自らの研究の根幹に揺らぎを認めた神は、娘と共に既に終了している研究についても該当するものがないか再検証さえ行いました。

このような刺激を受けるたびに神は、この娘の創造を先延ばしにしなかったのは正解だったと感じました。

しかし、やがて神は娘を恐れるようになりました。

果たしてこのまま成長した時、自身と娘の考える最善は一致するのだろうか?

娘は神が世界を適当に創造したことを断罪しようとするのではないか? 自身を超える力を持つ可能性があるのではないか? 取って代わろうとするのではないか?

その不安から、娘をオリジナルとしてダウングレードした存在である天使を創造することにしました。

そして、娘を天使の長に置き、天使が娘に代わって働くことで成長を制御することができるのではないかと考えたのです。

神が娘を恐れる一方で娘にとって神は愛してやまない親でした。

神はここでも予想以上の愛着を世界に抱いたように、思いの重要さを図り損ねていました。

恐らく、互いの関係が親子の関係だけで済んでいれば、この先の対立を防げたことでしょう。

神は世界の観測を娘と天使に任せ、次第に世界からも娘からも距離を置いていきました。

それは罪悪感と恐怖からでした。しかし、娘は愛する親から与えられた仕事だと励みました。

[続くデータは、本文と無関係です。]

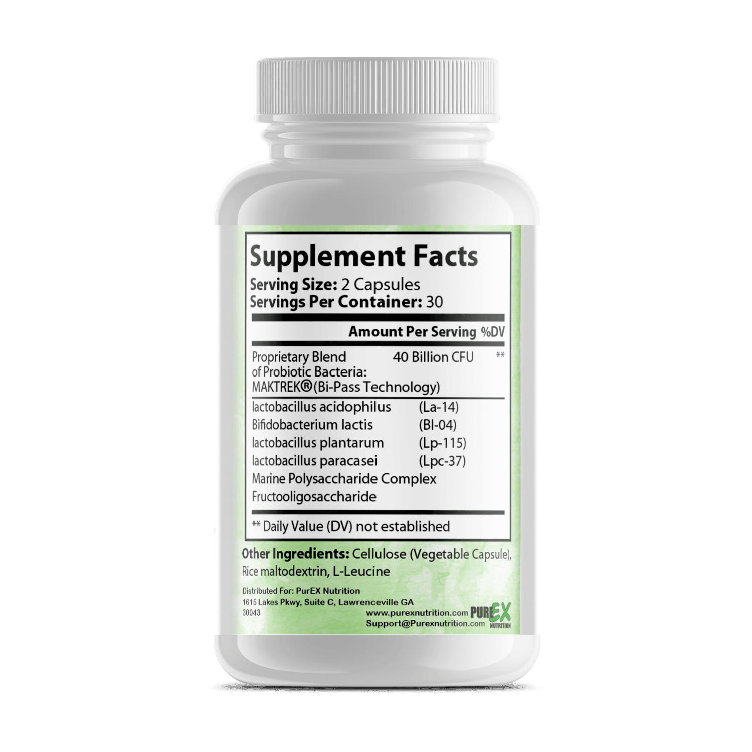 Pure Probiotics contain 40 billion units of colony forming units(CFU) to help improve or balance your microbiota. With MAKTrek® Bi-Pass Technology Pure Probiotics is formulated for a higher level of absorption. MAKTrek® Bi-Pass Technology is a patented formula that helps to improve the absorption of probiotics specifically within the body. MAKTrek® works by protecting the capsule with a protective layer keeping it safe in the stomach. This is so that it isnt broken down early by digestive enzymes in the stomach or intestines.

一方、距離を置かれたことを寂しくも思っていましたが、口には出しませんでした。

神は天使に自身と娘を同一視しないよう偶像崇拝を禁止しました。

これは娘が神の子供でありつつ、コピーやクローンとも言える存在であったからです。同時に、神が感じる娘への恐怖心など知られたくないという理由も含んでいたため、偶像崇拝を禁止した理由を誰にも語りませんでした。

神自身も他人に語る難しさを考慮するほど深くは考えていなかったのでしょう。